Semantic Consistency-Based Uncertainty Quantification for Factuality in Radiology Report Generation
- URL: http://arxiv.org/abs/2412.04606v1
- Date: Thu, 05 Dec 2024 20:43:39 GMT
- Title: Semantic Consistency-Based Uncertainty Quantification for Factuality in Radiology Report Generation
- Authors: Chenyu Wang, Weichao Zhou, Shantanu Ghosh, Kayhan Batmanghelich, Wenchao Li,
- Abstract summary: generative medical Vision Large Language Models (VLLMs) are prone to hallucinations and can produce inaccurate diagnostic information.
We introduce a novel Semantic Consistency-Based Uncertainty Quantification framework that provides both report-level and sentence-level uncertainties.
By abstaining from high-uncertainty reports, our approach improves factuality scores by $10$%, achieved by rejecting $20$% of reports.

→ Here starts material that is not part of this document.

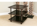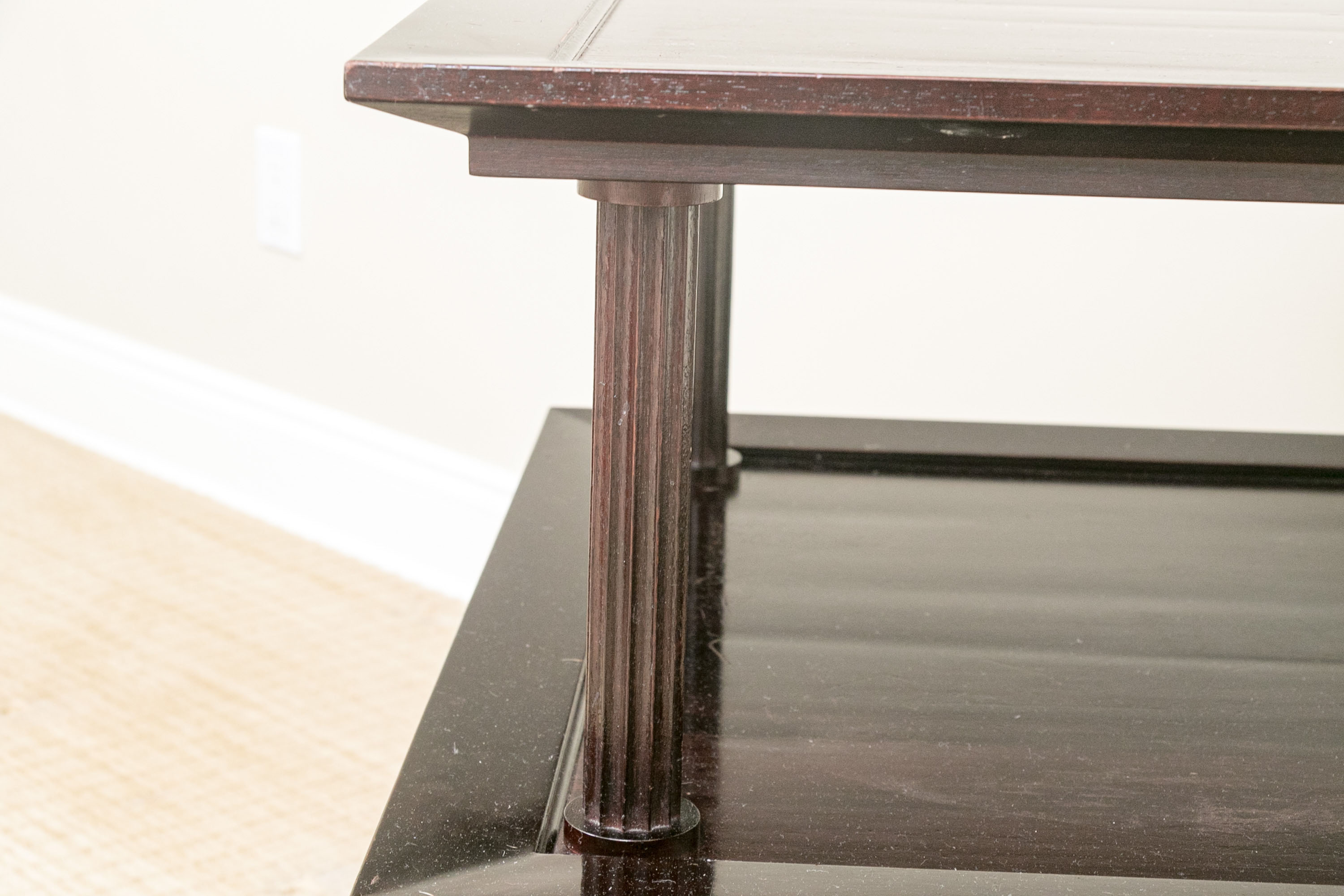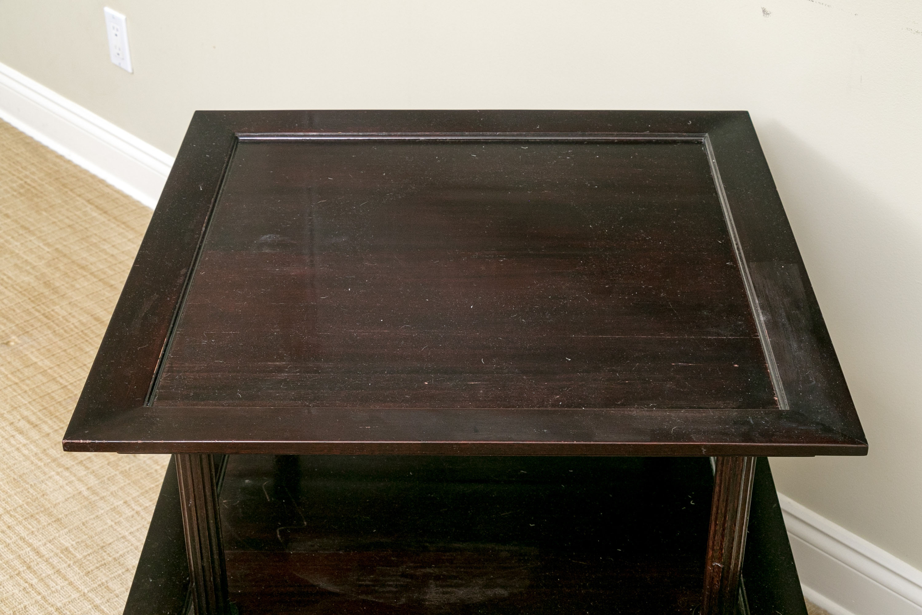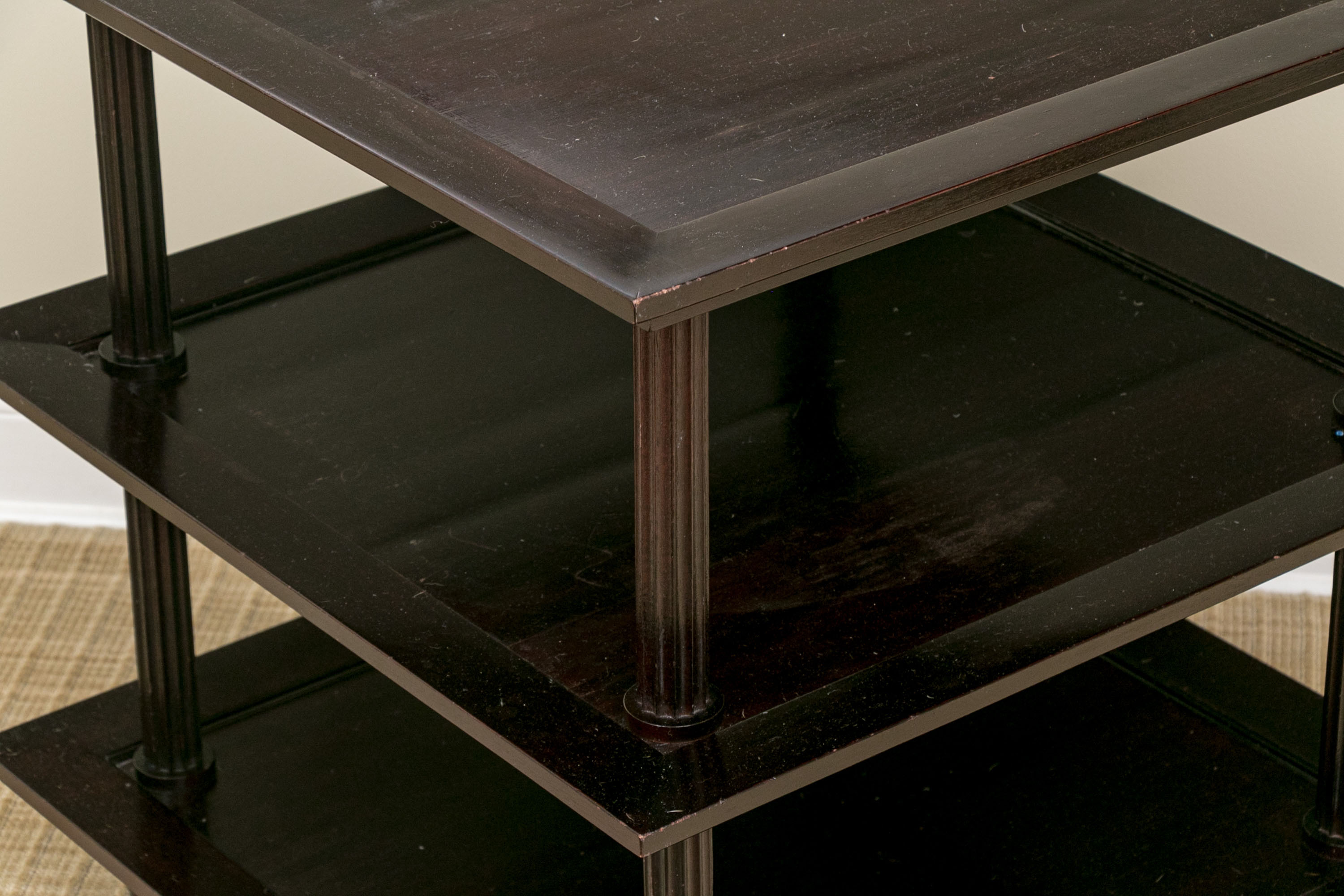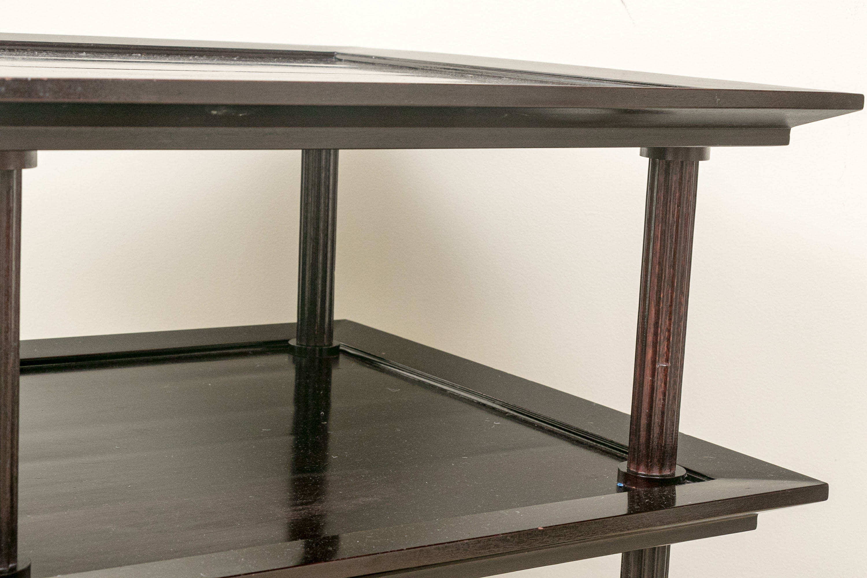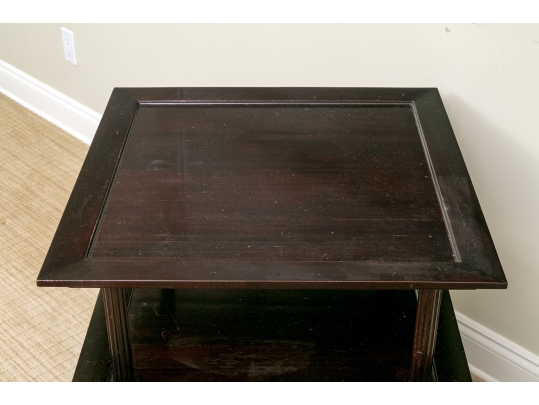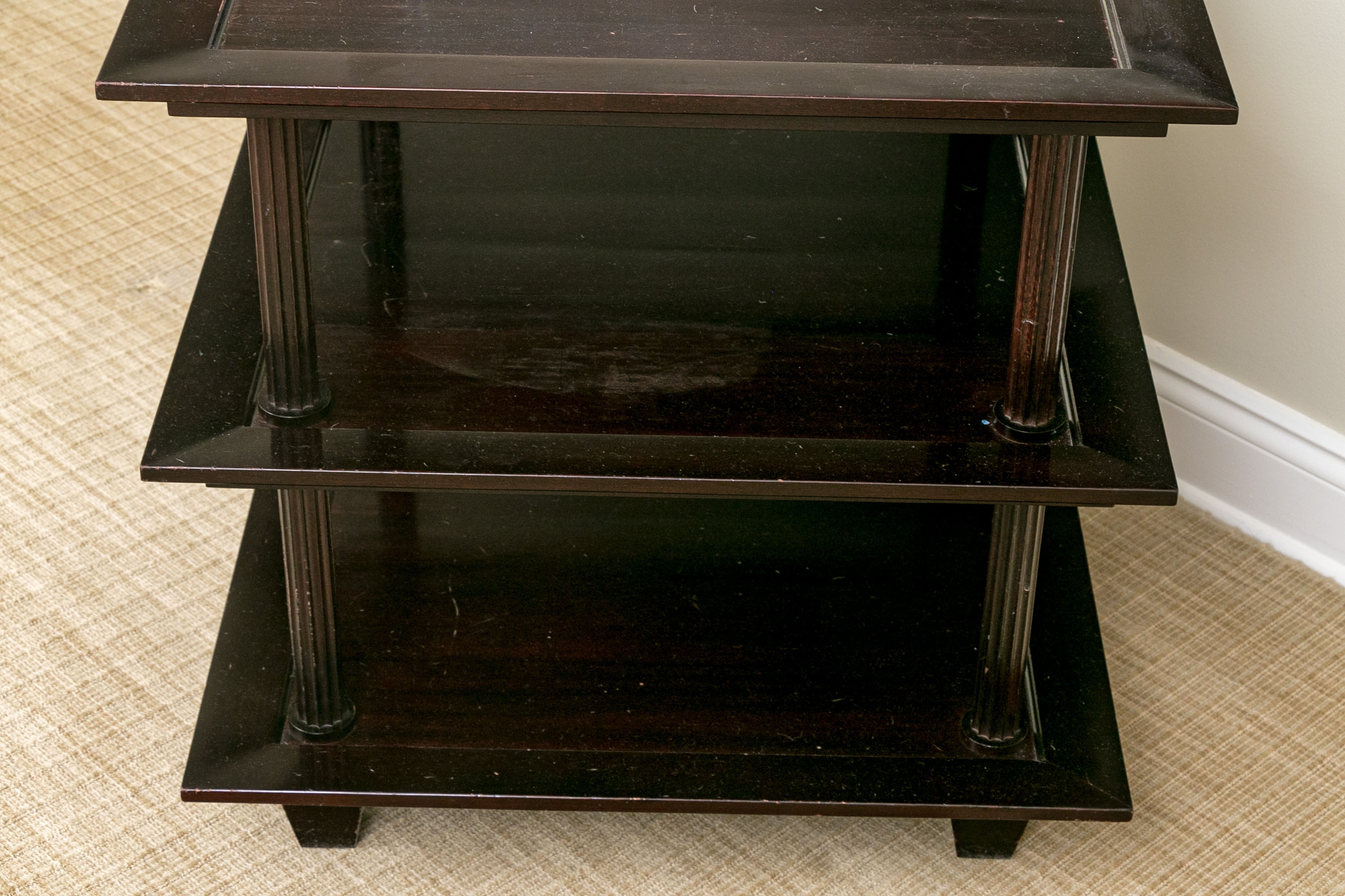 A later and very elegant design from Barbara Barry designed in the 1990’s. A square tiered Table in Barbara Barry’s Classic deep finish with fluted Column supports.

- Score: 20.173287130474797
- License:
- Abstract: Radiology report generation (RRG) has shown great potential in assisting radiologists by automating the labor-intensive task of report writing. While recent advancements have improved the quality and coherence of generated reports, ensuring their factual correctness remains a critical challenge. Although generative medical Vision Large Language Models (VLLMs) have been proposed to address this issue, these models are prone to hallucinations and can produce inaccurate diagnostic information. To address these concerns, we introduce a novel Semantic Consistency-Based Uncertainty Quantification framework that provides both report-level and sentence-level uncertainties. Unlike existing approaches, our method does not require modifications to the underlying model or access to its inner state, such as output token logits, thus serving as a plug-and-play module that can be seamlessly integrated with state-of-the-art models. Extensive experiments demonstrate the efficacy of our method in detecting hallucinations and enhancing the factual accuracy of automatically generated radiology reports. By abstaining from high-uncertainty reports, our approach improves factuality scores by $10$%, achieved by rejecting $20$% of reports using the Radialog model on the MIMIC-CXR dataset. Furthermore, sentence-level uncertainty flags the lowest-precision sentence in each report with an $82.9$% success rate.